● **Directions**:
Exclude the pictures, then repeat exactly each line from the one containing "Verizon broke out" to the final line of the records that follow.

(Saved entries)
====
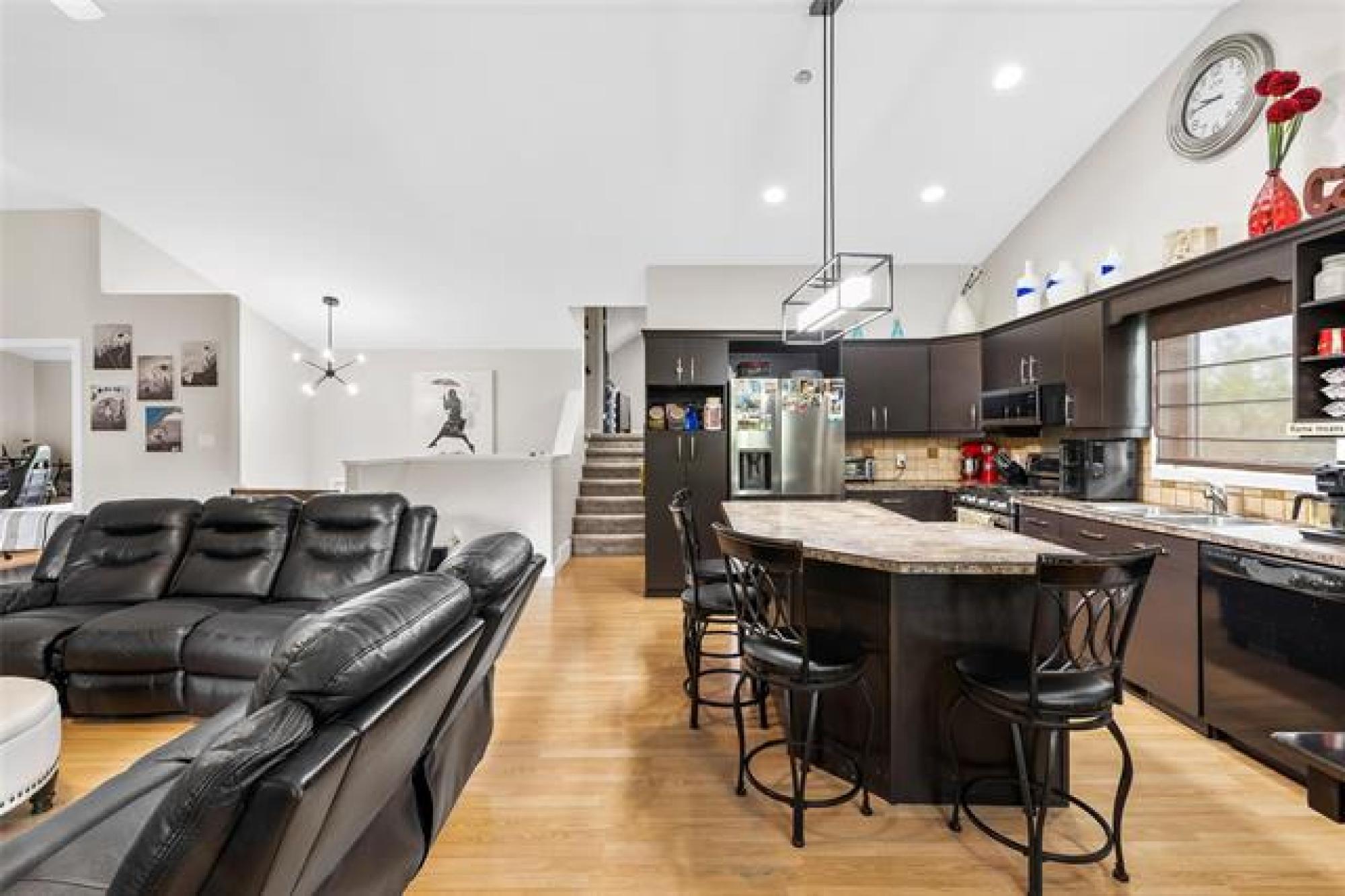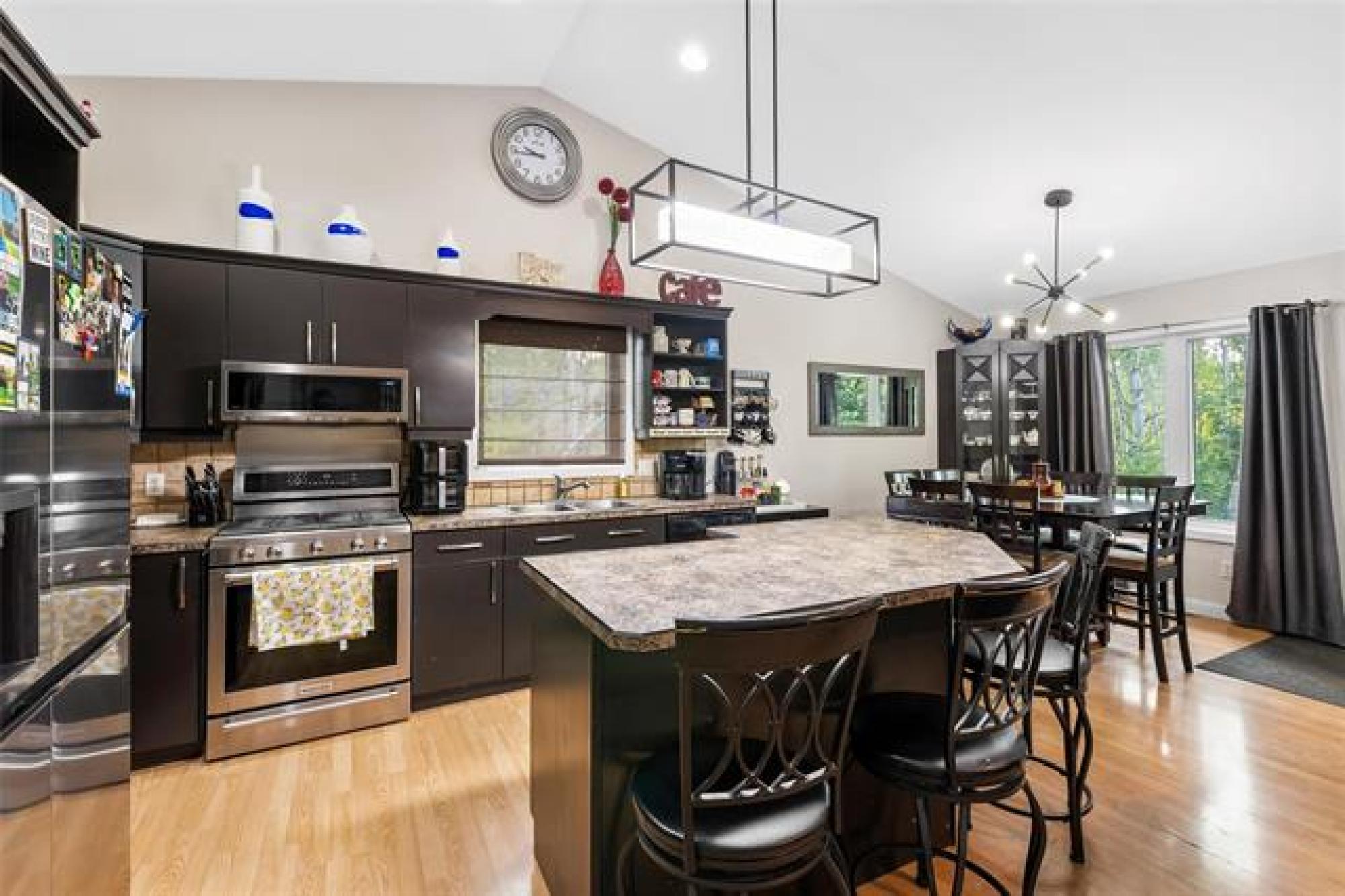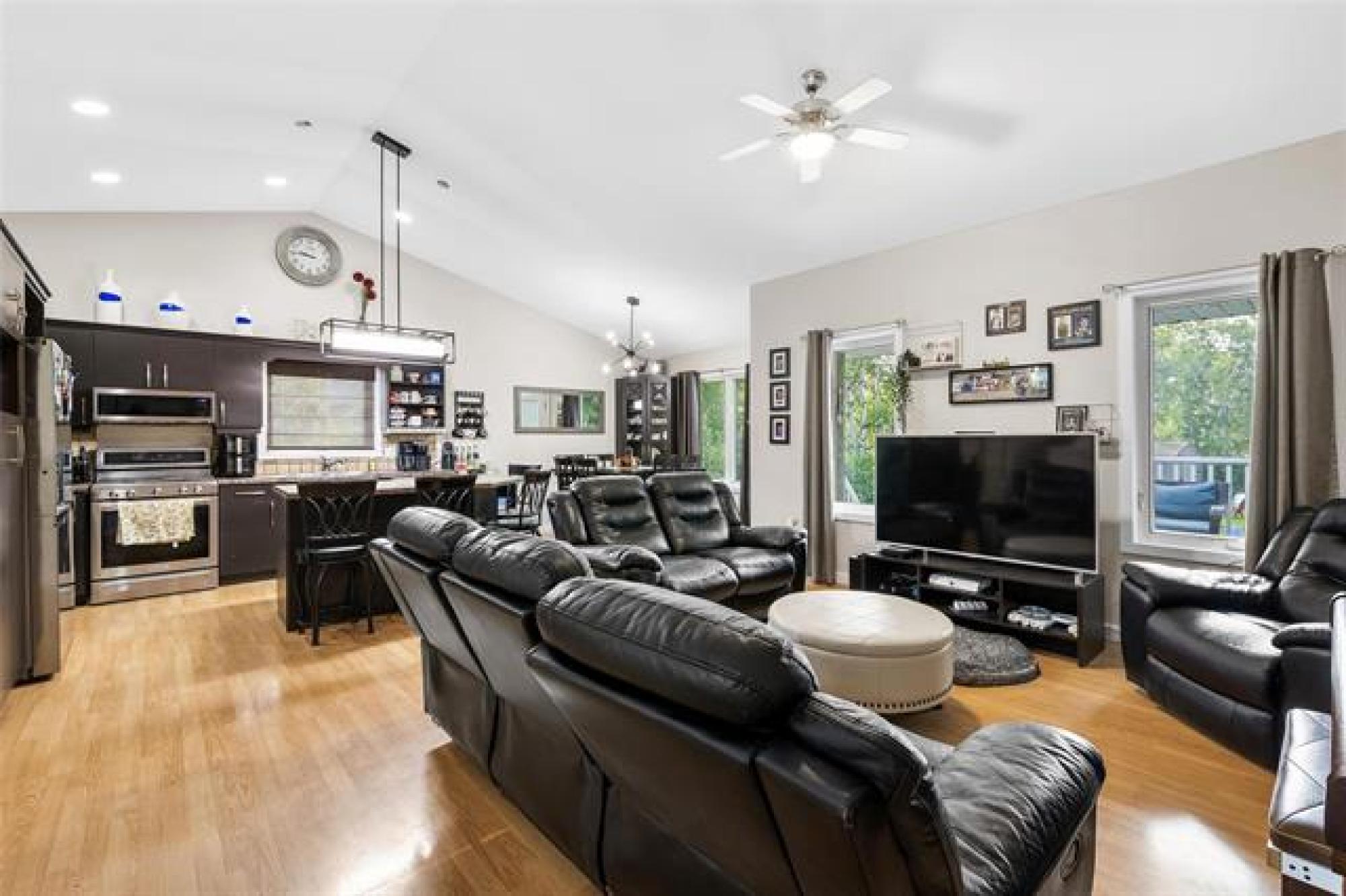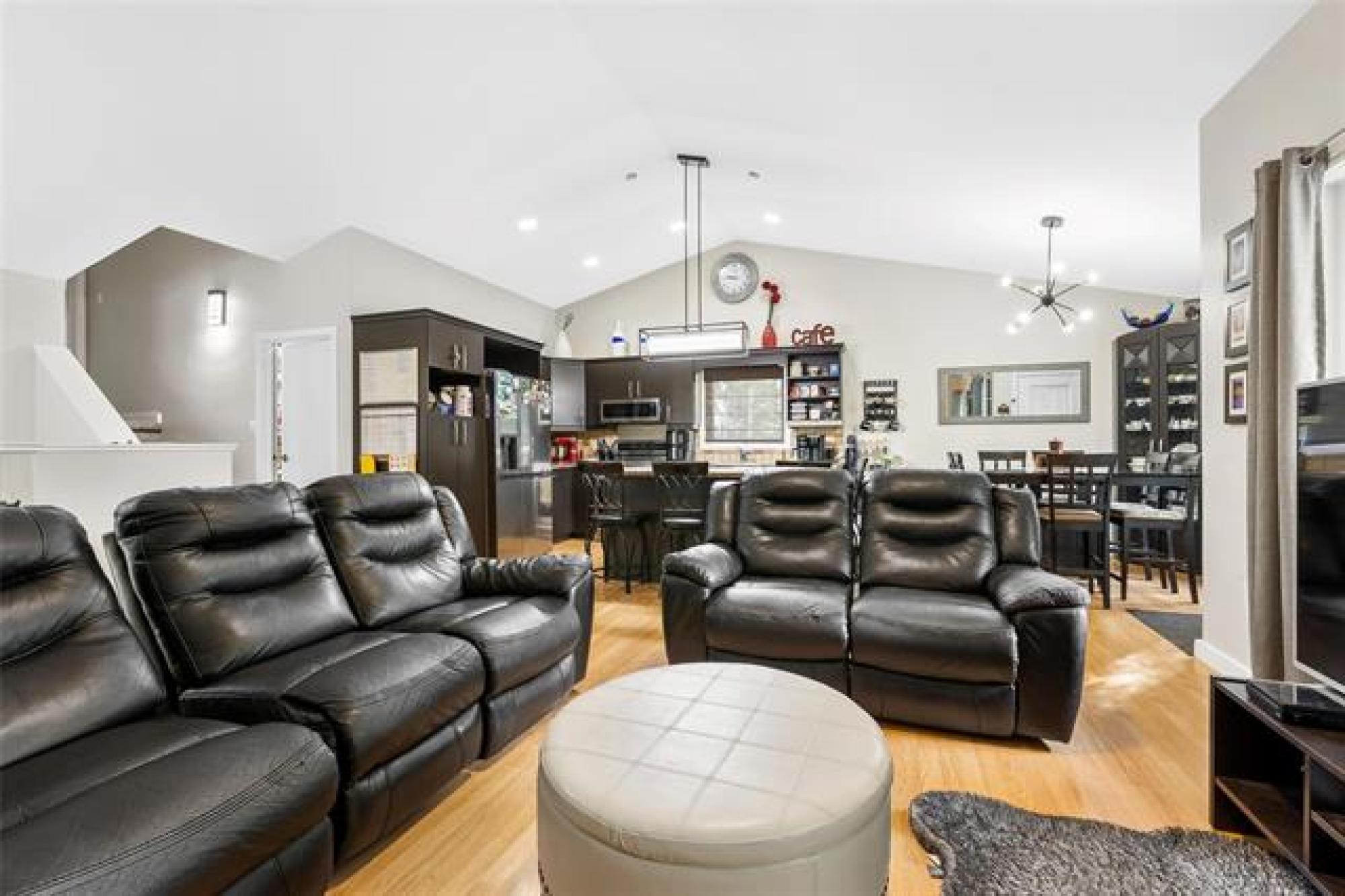 SS Saturday Sept 13 - Welcome to 10 Eastwood – a spacious 5-bedroom family home on a beautifully treed lot! This well-designed cabover offers an exceptional layout with plenty of room for everyone. The main floor features vaulted ceilings and an open-concept kitchen, living, and dining area with direct access to the backyard deck. A large butler’s pantry (with laundry) adds convenience, along with two bedrooms and a full bathroom. Just a few steps up, the private primary suite impresses with a walk-in closet and ensuite. The fully finished basement provides even more living space, including two additional bedrooms, a full bathroom, a 24.5' x 14' rec room, storage, and plumbing for a future kitchen. With its own direct access to the garage, this level offers great potential for a private suite. Outside, enjoy the oversized yard complete with a patio, fire pit, and storage shed—perfect for relaxing or entertaining. An attached garage that currently doubles as a man cave adds extra usability or just a nicer place to park. Located in one of Steinbach’s most desirable neighborhoods, this home combines space, comfort, and style. Updates: A/C 2024, Shingles 2023, Furnace 2019. Book your showing today!
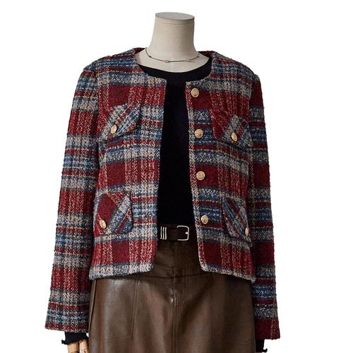 CLOREX 여성 트위드 자켓 버튼 캐주얼 트위드 자켓
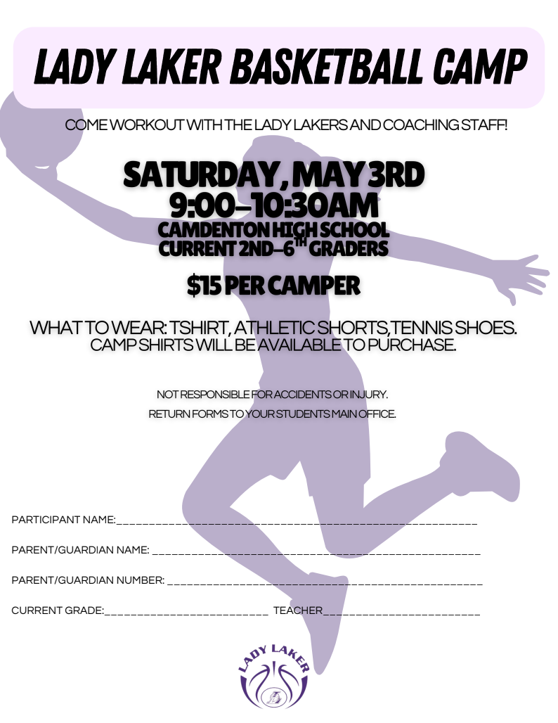 Lady Laker Basketball Camp is approaching! When? Saturday, May 3rd, 9:00-10:30 AMWhere? Camdenton High School Who? Current 2nd-6th GradersCost? $15 per CamperT-shirts will be available for purchase...
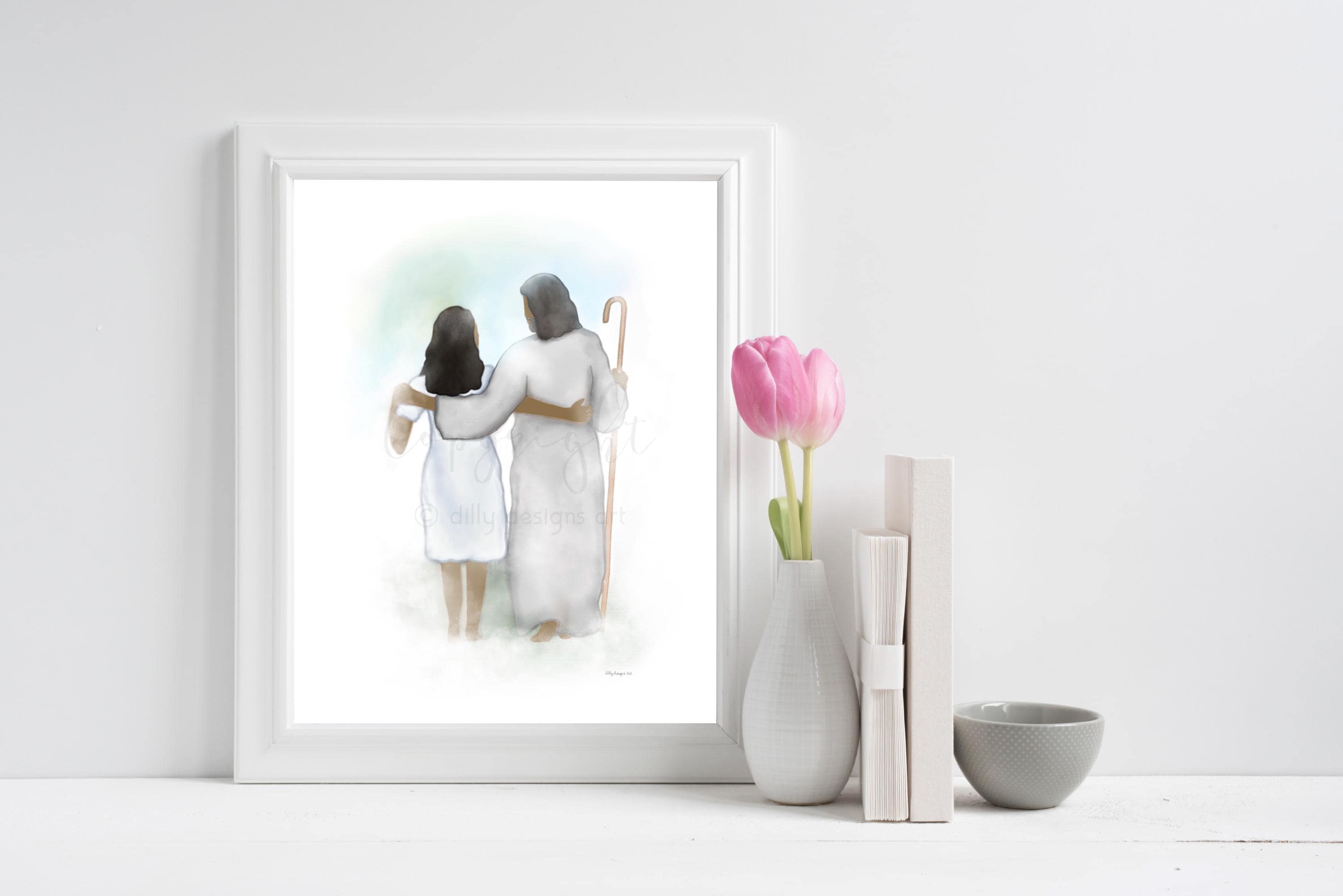 Hi there, and welcome to my shop! I’m Kamie Zamora, and I created this artwork straight from my heart. This piece means so much to me—it’s Jesus walking arm in arm with a woman, offering His love, comfort, and peace. It’s my way of expressing the constant presence of His care, especially during times when we need it most.
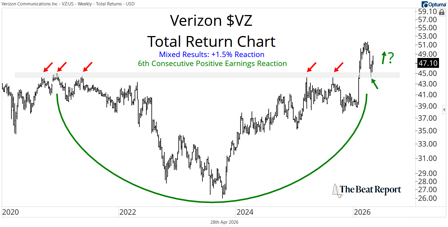 Verizon broke out of a massive multi-year base earlier this year and has since returned to retest that breakout level, flipping former resistance into support.
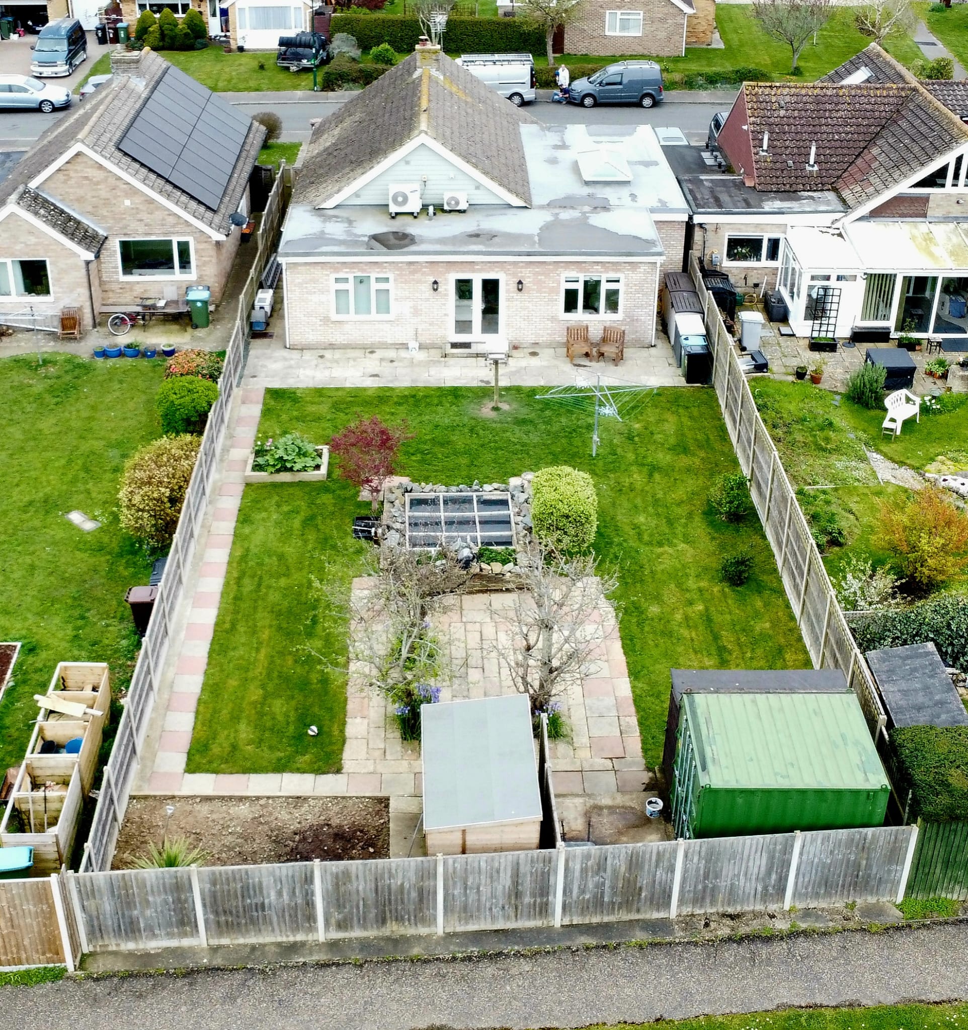 The property is approached via a tarmacadam driveway with space for vehicles and further area of lawn. The rear garden is a delightful feature of this home, having a paved terrace adjoining the property leading to lawn beyond, with established fruit trees and shrubs providing an attractive feature, with the remainder laid to lawn. Central to the garden is an ornamental fishpond with rockery surround. Two garden sheds and steel container ideally suited for storage. The whole is enclosed by boarded fencing.
====
● **Result of the exercise**:
 Verizon broke out of a massive multi-year base earlier this year and has since returned to retest that breakout level, flipping former resistance into support.
 The property is approached via a tarmacadam driveway with space for vehicles and further area of lawn. The rear garden is a delightful feature of this home, having a paved terrace adjoining the property leading to lawn beyond, with established fruit trees and shrubs providing an attractive feature, with the remainder laid to lawn. Central to the garden is an ornamental fishpond with rockery surround. Two garden sheds and steel container ideally suited for storage. The whole is enclosed by boarded fencing.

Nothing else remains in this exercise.